By: _________________________
Print Name:________________________
Name: ______________________

 
Title: ________________________

CONSENT OF SPOUSE

In consideration of the Corporation’s execution of this Option Agreement, the undersigned spouse of the Participant agrees to be bound by all of the terms and provisions hereof and of the Plan.

__________________________________        ______________________
Signature of Spouse                    Date


1 Subject to adjustment under Section 7.1 of the Plan.
2 Subject to early termination under Section 4 of the Terms and Section 7.2 of the Plan.

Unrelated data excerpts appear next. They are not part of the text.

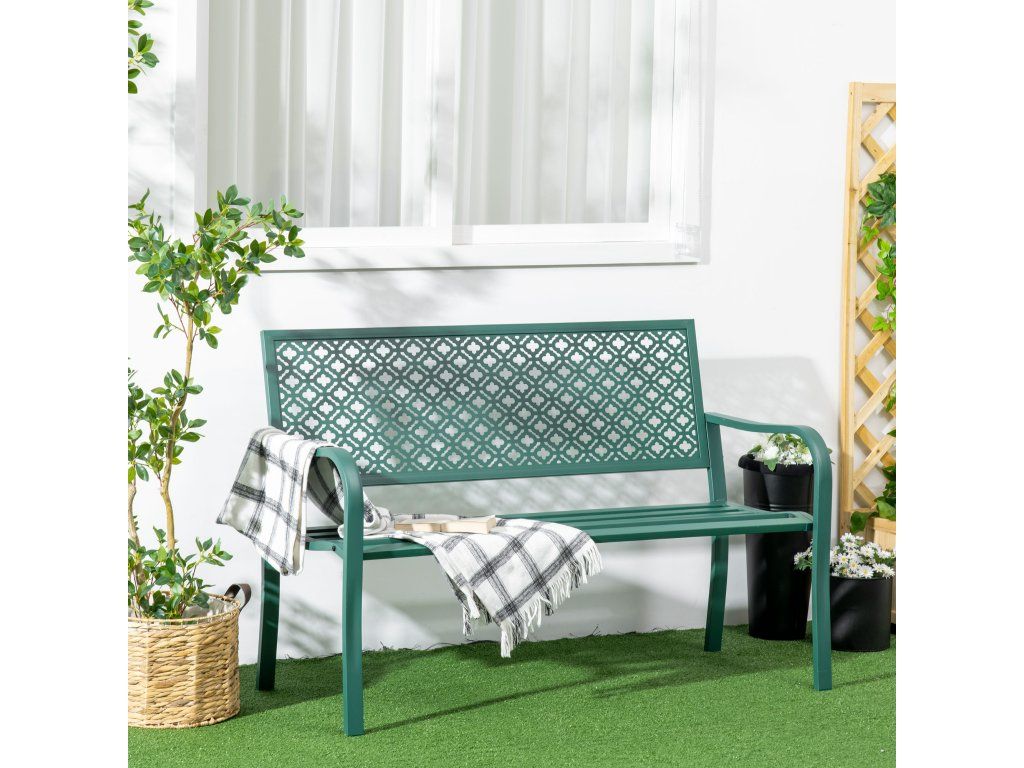 Zahradní lavice HOMCOM nosnost 280 kg 127 x 63 x 83 cm tmavě zelená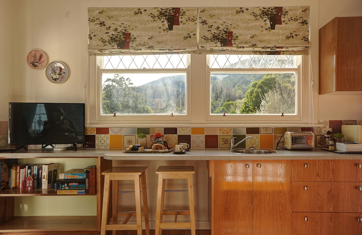 Được xây dựng bởi các nghệ sĩ lập dị vào những năm 80, viên gạch bùn nhỏ kỳ lạ này nằm ngay trung tâm Thung lũng Yarra được bao quanh bởi các nhà máy rượu vang, những khu vườn tuyệt đẹp và tầm nhìn. Gần đây đã được cải tạo để tạo sự thoải mái với sàn bê tông, điều hòa không khí mới, hệ thống nước nóng, phòng tắm được cải tạo và nhiều không gian ngoài trời. Bếp nhỏ bao gồm máy pha cà phê, ấm đun nước và tiện nghi, nồi chiên không khí, máy nướng bánh mì, nồi hấp trứng, dụng cụ, tủ lạnh và lò vi sóng. Nơi nghỉ ngơi lãng mạn hoàn hảo được bao quanh bởi thiên nhiên.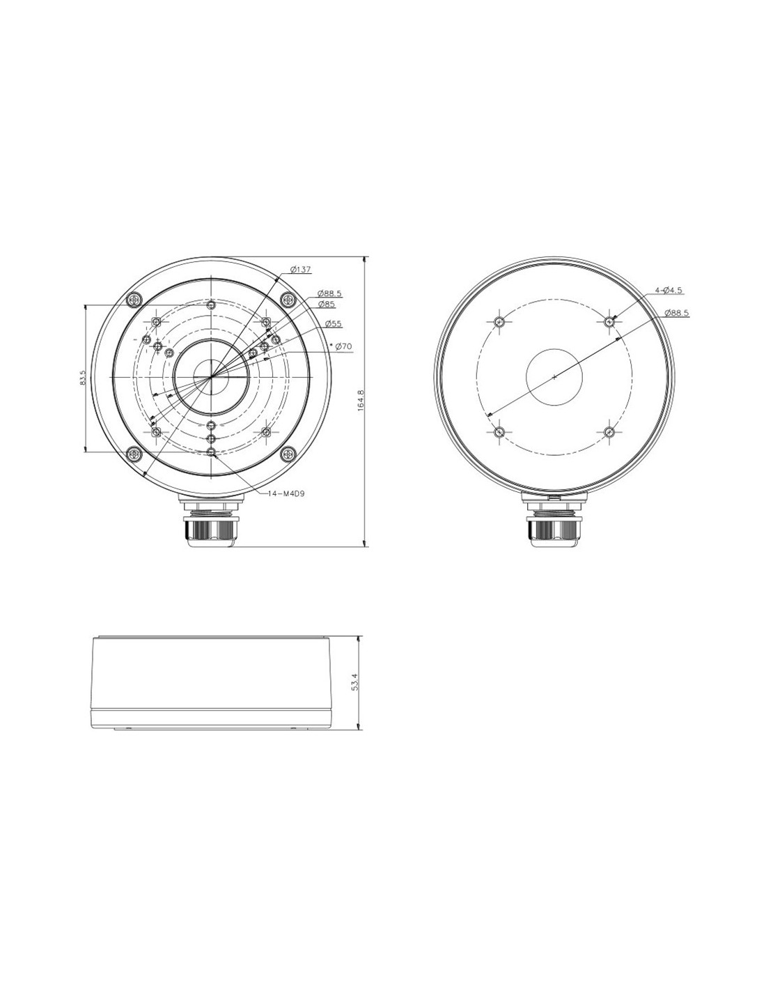Caixa de conexão Hikvision DS-1280ZJ-S-Black - para câmeras de cúpula ou bala - adequado para uso externo - instalação de teto o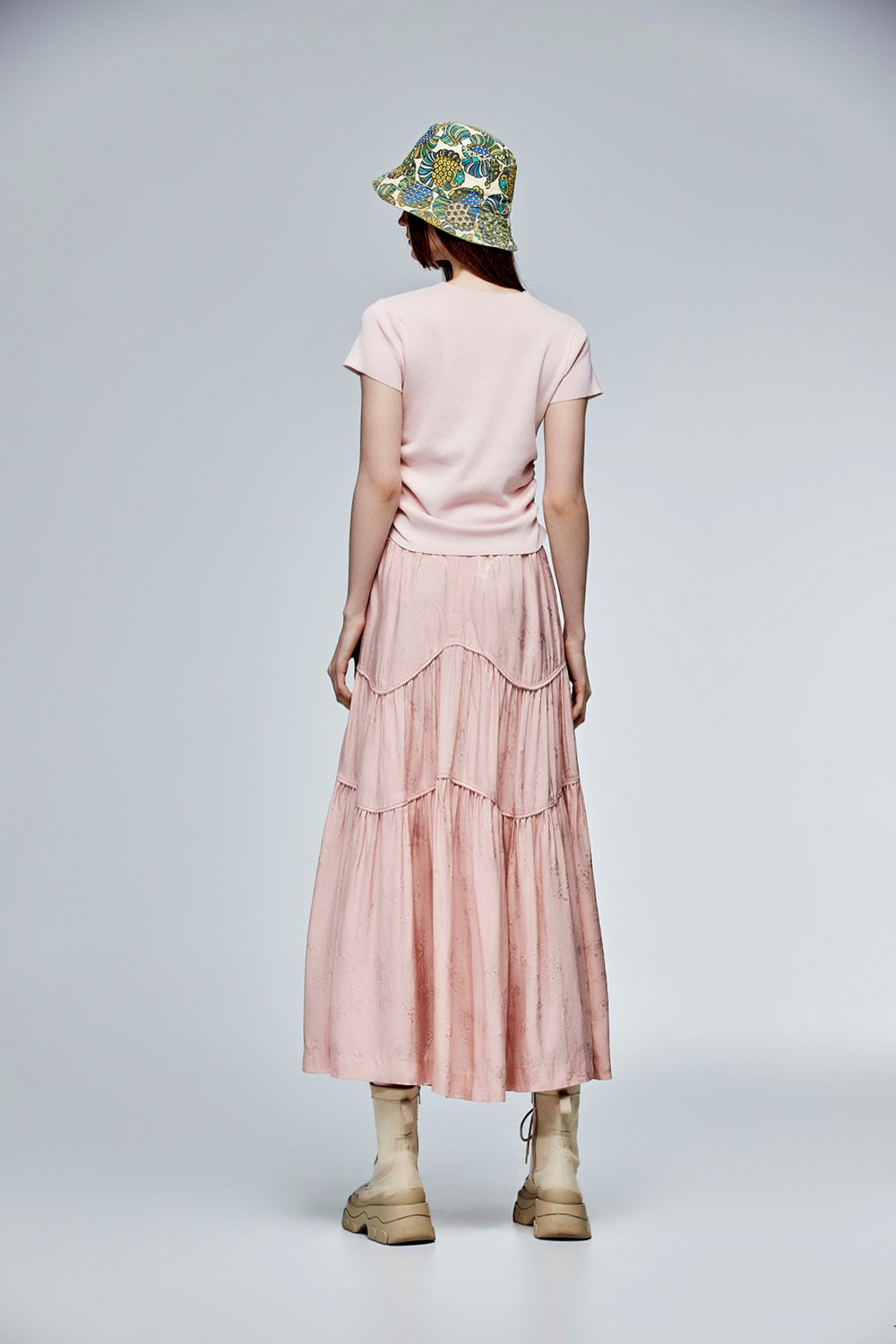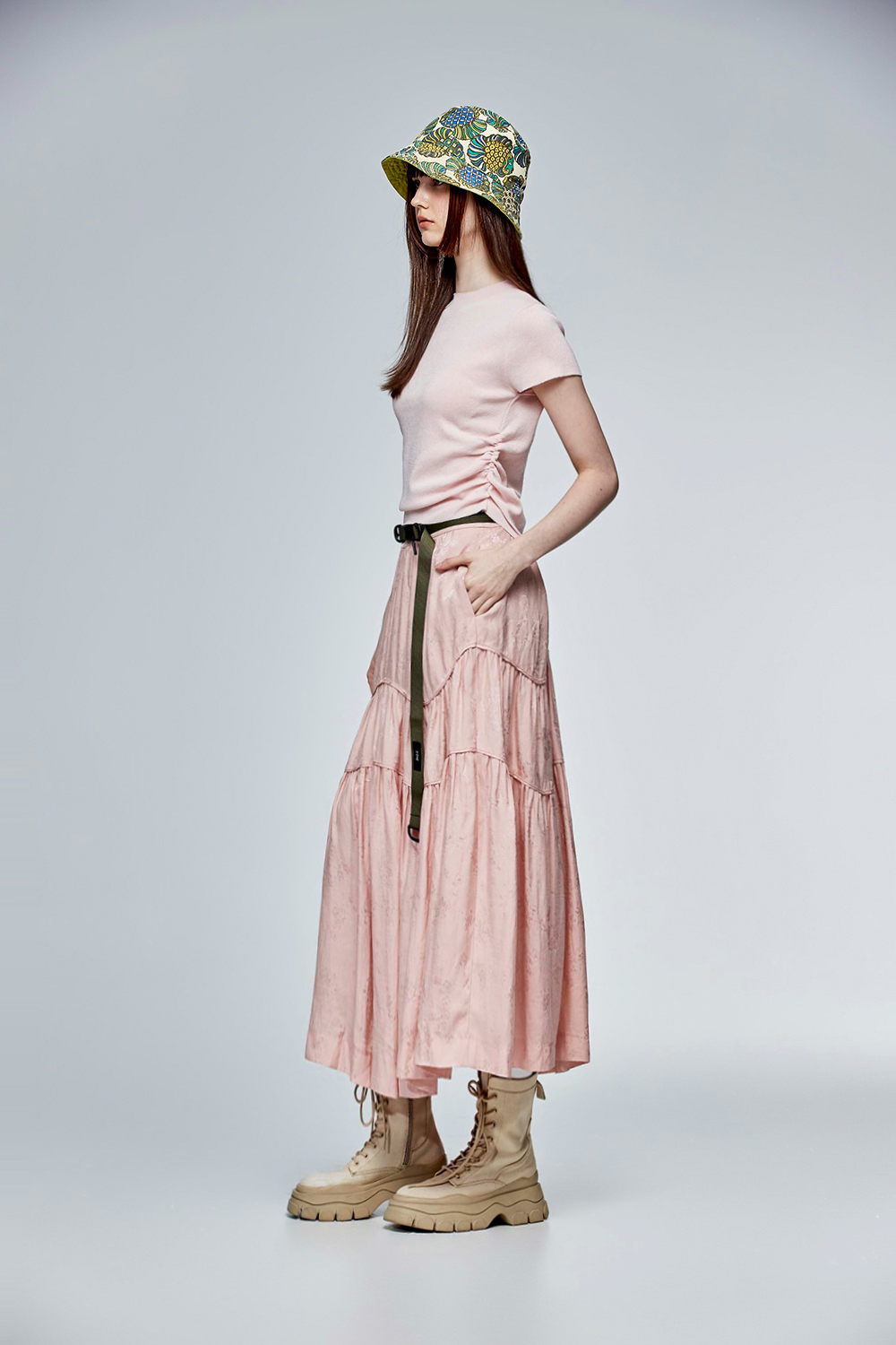 初戀時刻抓皺修身針織上衣 - 微施粉澤, F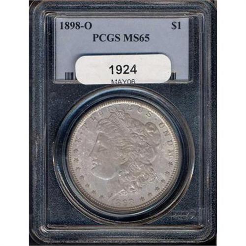 <b>1898-O Morgan Dollar. PCGS graded MS65.</b> Medium gray toning on the obverse; frosty white reverse and gem quality from top to bottom <b>(PCGS # 7254)</b> <i>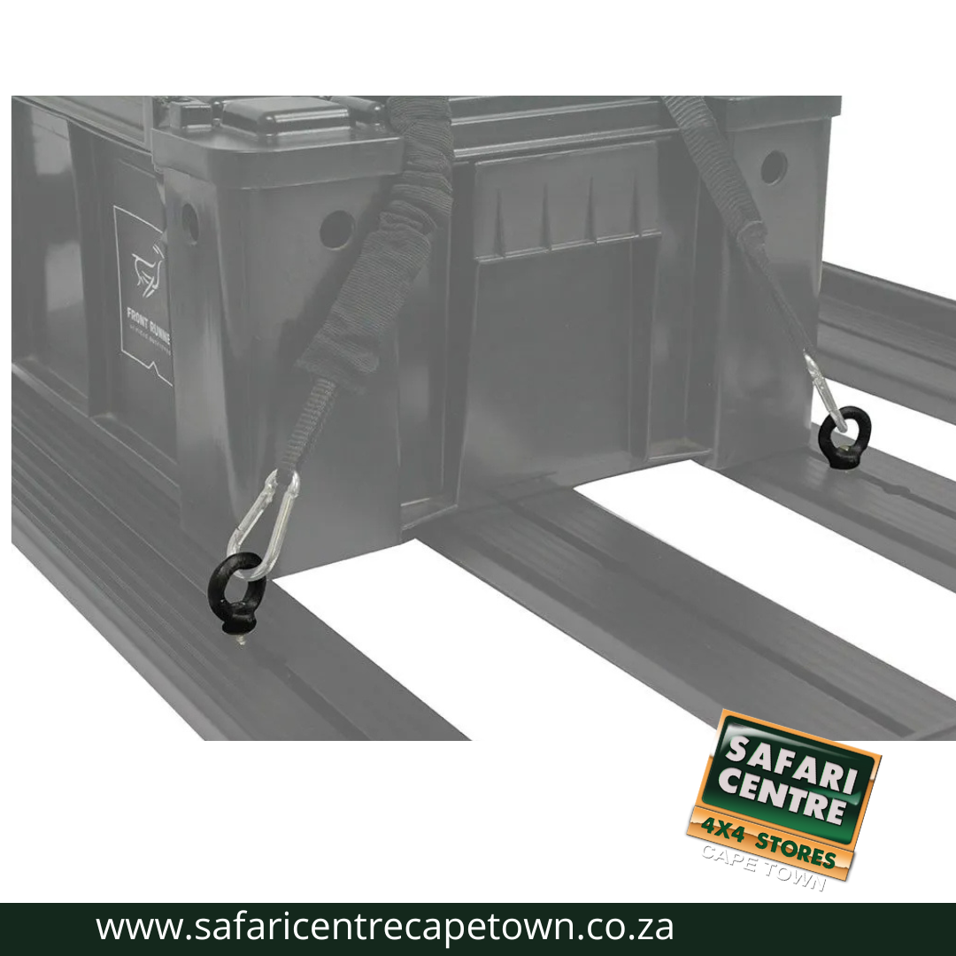 These steel tie down rings can be used to attach just about anything to the top, sides or bottom of your Front Runner Rack. Galvanized steel, powder coated black. Sold in pairs.

TERMS AND CONDITIONS OF INCENTIVE STOCK OPTION

1.
Vesting; Limits on Exercise; Incentive Stock Option Status.

The Option shall vest and become exercisable in percentage installments of the aggregate number of shares subject to the Option, as set forth on the cover page of this Option Agreement. The Option may be exercised only to the extent the Option is vested and exercisable.

Cumulative Exercisability. To the extent that the Option is vested and exercisable, the Participant has the right to exercise the Option (to the extent not previously exercised), and such right shall continue, until the expiration or earlier termination of the Option.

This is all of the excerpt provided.